VARIABLES_TO_KEEP = [
"Attrition",
"EmployeeNumber",
"EnvironmentSatisfaction",
"HourlyRate",
"JobInvolvement",
"JobLevel",
"JobSatisfaction",
"MonthlyRate",
"NumCompaniesWorked",
"RelationshipSatisfaction",
"TotalWorkingYears",
"YearsAtCompany",
"YearsInCurrentRole",
]
hr_dataset = hr_dataset.loc[:, VARIABLES_TO_KEEP]
Pour se faire une idée rapide des interactions dans nos données, on affiche une carte de corrélation. Dans un vrai projet on aurait évidemment fait davantage d'exploration. Ce n'est cependant pas le sujet ici.
import matplotlib.pyplot as plt
%matplotlib inline
import seaborn as sns
plt.figure(figsize = (20,10))
sns.heatmap(hr_dataset.corr(), cmap="YlGnBu", annot = True)
plt.title('Correlation Heatmap', fontdict={'fontsize':18}, pad=12)
On peut voir que certaines featues ont des interactions assez fortes.
TotalWorkingYears
a une corrélation de 0.78 avecJobLevel
YearsAtCompany
a une corrélation de 0.76 avecYearsInCurrentRole
TotalWorkingYears
a une corrélation de 0.63 avecYearsAtCompany
On pointe une grande attention à ces importantes corrélations. Les fortes corrélations dans un dataset d'entraînement peuvent entraîner plusieurs problèmes. Parmis eux, un problème d'explicabilité: En voulant prédire si un talent reste, comme le nombre d'année de travail est corrélé avec le niveau du poste, on aura du mal à déterminer si l'effet vient de la première ou de la seconde. Ou alors est ce l'effet commun des deux combinées ?
On va entraîner un classifieur XGBoost à prédire si un talent restera :
import xgboost as xgb
X = hr_dataset.drop("Attrition", axis = 1)
y = hr_dataset["Attrition"].map({'Yes' : 1, 'No': 0})
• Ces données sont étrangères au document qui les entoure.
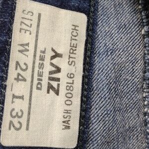 Diesel ZIVY Stretch Women's Blue Dark Wash Five Pocket Button/Zipper Front Closure Mid Rise Whiskering Straight Leg Denim Jeans. 98% Cotton, 2% Elastane. Faux Zipper Detail Back Pockets. Fictional Side Hem Zippers. Measurements approx. Flat Lay. Waist: 13, Rise: 8, Hips: 14.5, Inseam: 27. Size 24.

xgb_model = xgb.XGBClassifier()
xgb_model.fit(X, y)
from PyALE import ale
ale_eff = ale(
X=X,
model=xgb_model,
feature=["TotalWorkingYears"],
feature_type="continuous",
include_CI=False,
)
plt.show()
On obtient un graphe où on peut voir en fonction de notre variable TotalWorkingYears
l'influence qu'elle a
sur l'output du modèle. Chaque ligne représente un changement dans la prédiction du modèle autour d'une valeur
par rapport à l'effet moyen prédit.
En particulier, on peut voir que la relation avec la variable target n'est pas très complexe et ne fait pas beaucoup de variation. En effet, on voit plus ou moins une courbe qui descend avec quelques brisures. On peut également remarquer que la valeur la plus haute est au début (pour des valeurs faibles) et chute très rapidement. Notre modèle a donc appris qu'un employé a le plus de chance de quitter l'entreprise au début de son expérience et qu'au contraire plus la personne est expérimentée moins elle est sujette à changer de travail. On remarque également cela à travers un effet décroissant assez lent qui fait sens.
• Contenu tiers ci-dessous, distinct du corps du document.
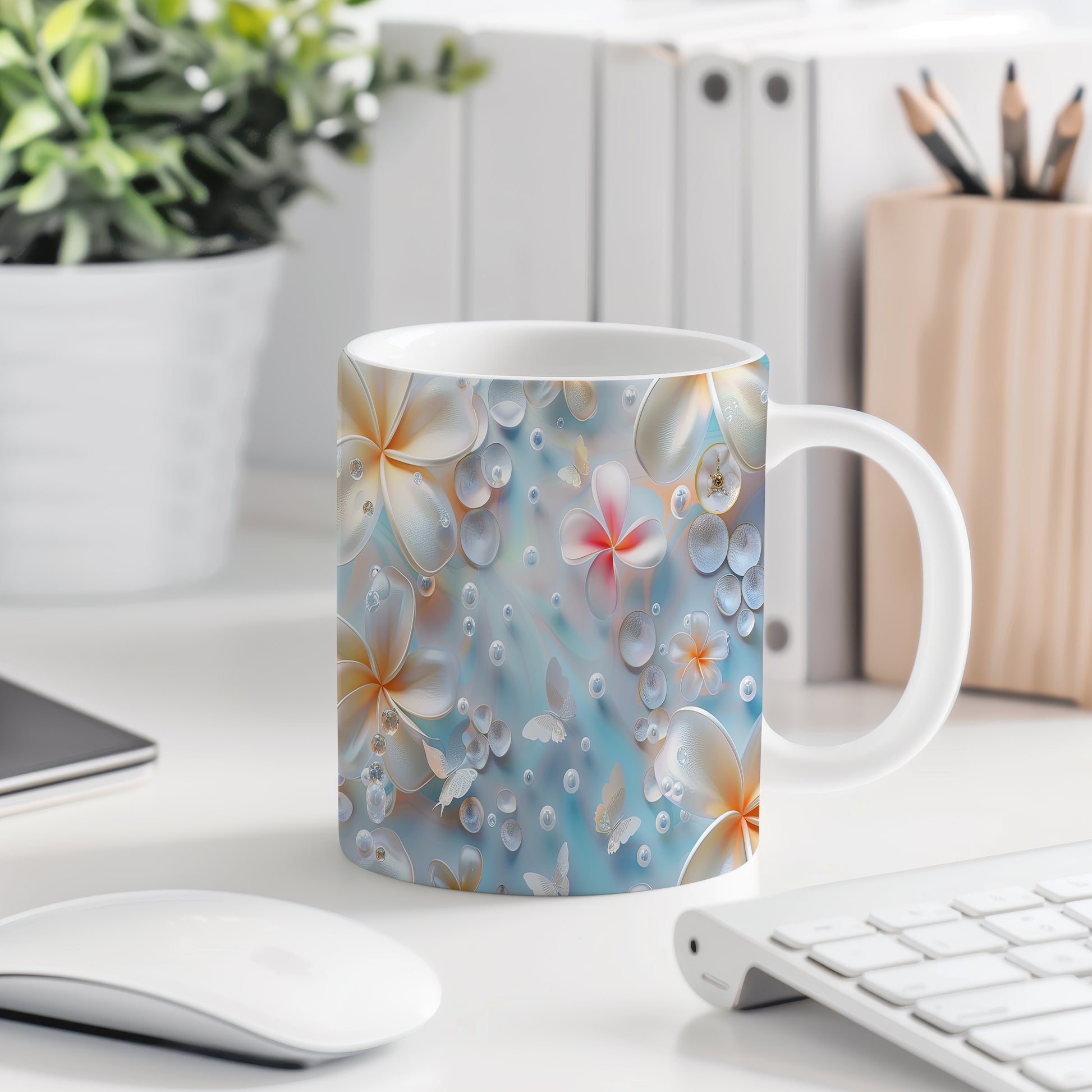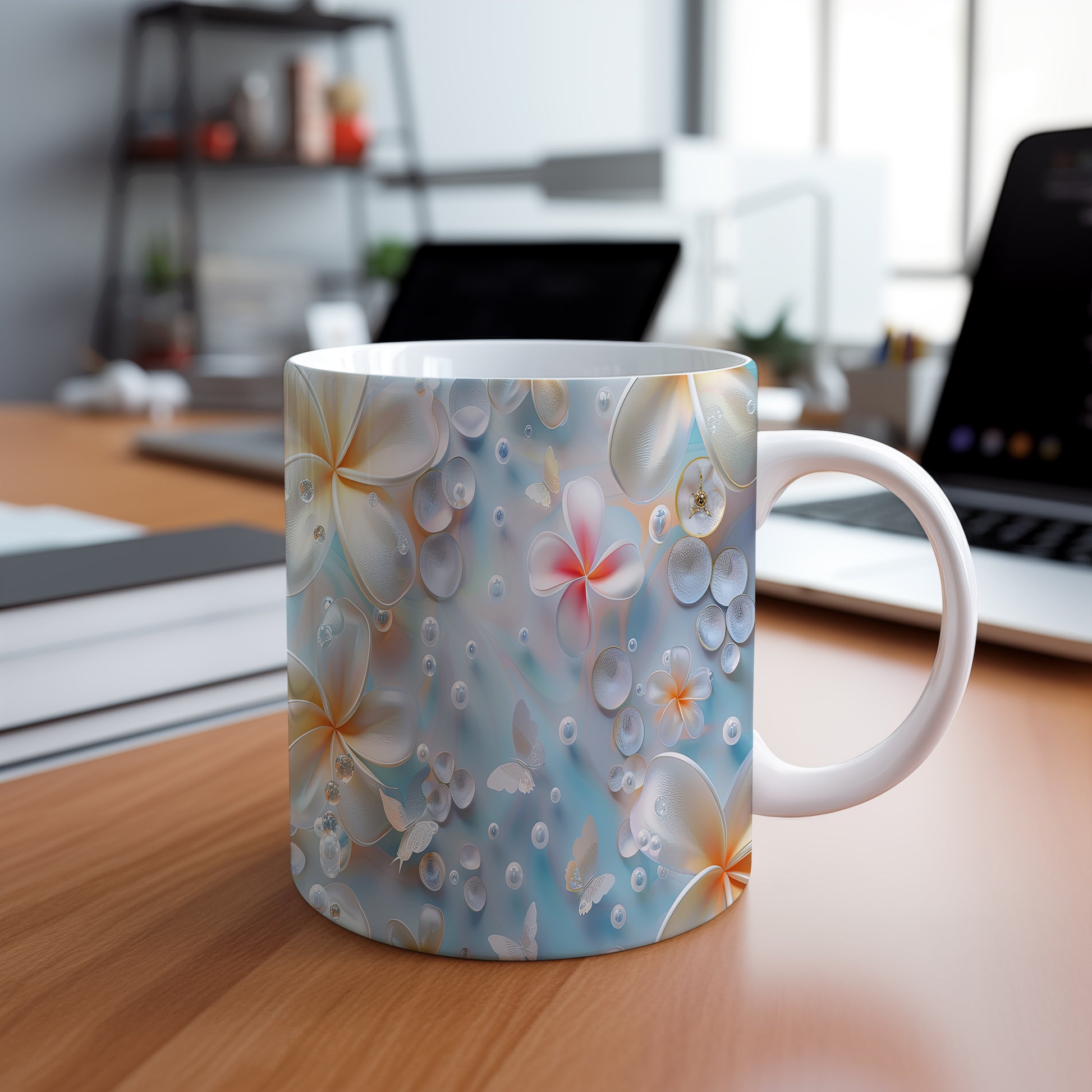 Hrnek s květinovým motivem a bublinkami

Disclaimer : Évidemment cette analyse ne doit pas servir de règle générale. Elle est réalisée sur un jeu de données extérieur récupéré sur internet. On ne connaît pas son contexte particulier et on ne voudrait pas faire de généralité ici.
Librairies
A Gojob, la plupart de la stack datascience est en python. On a donc utilisé une implémentation python à travers la libraire PyALE. Mais d'autres implémentation des ALE existent, notamment dans la librairie Alibi Explain. Personnellement, je ne saurais en recommander une plutôt que l'autre.
Enfin pour les utilisateurs de R, il est possible d'utiliser les ALE à travers la lib ALEPlot ou encore iml
Conclusion
On a donné une méthode d'explicabilité relativement simple et très efficace. Le fait que la méthode soit robuste aux effets de fortes corrélations lui donne un avantage conséquent. Les ALE constituent un outil important à garder dans sa tool-box de data scientist quand on veut faire de l'explicabilité. Un autre point intéressant qu'on a pas mentionné est le fait qu'elle soit model agnostique (utilisable sur n'importe quelle modèle de ML quelque soit son design et pour à peu près n'importe quelle tâche)
Il existe de nombreux outils d'expliquabilité que l'on pas mentionné et qui valent également le coup. Mon favori étant SHAP mais nécessitant un peu plus de technicité et d'initiation.
Le lecteur intéressé pourra consulter le livre "Interpretable Machine Learning : A Guide for Making Black Box Models Explainable" de Christoph Molnar. [^1] Il m'a été précieux pour la compréhension du problème et des différentes méthodes.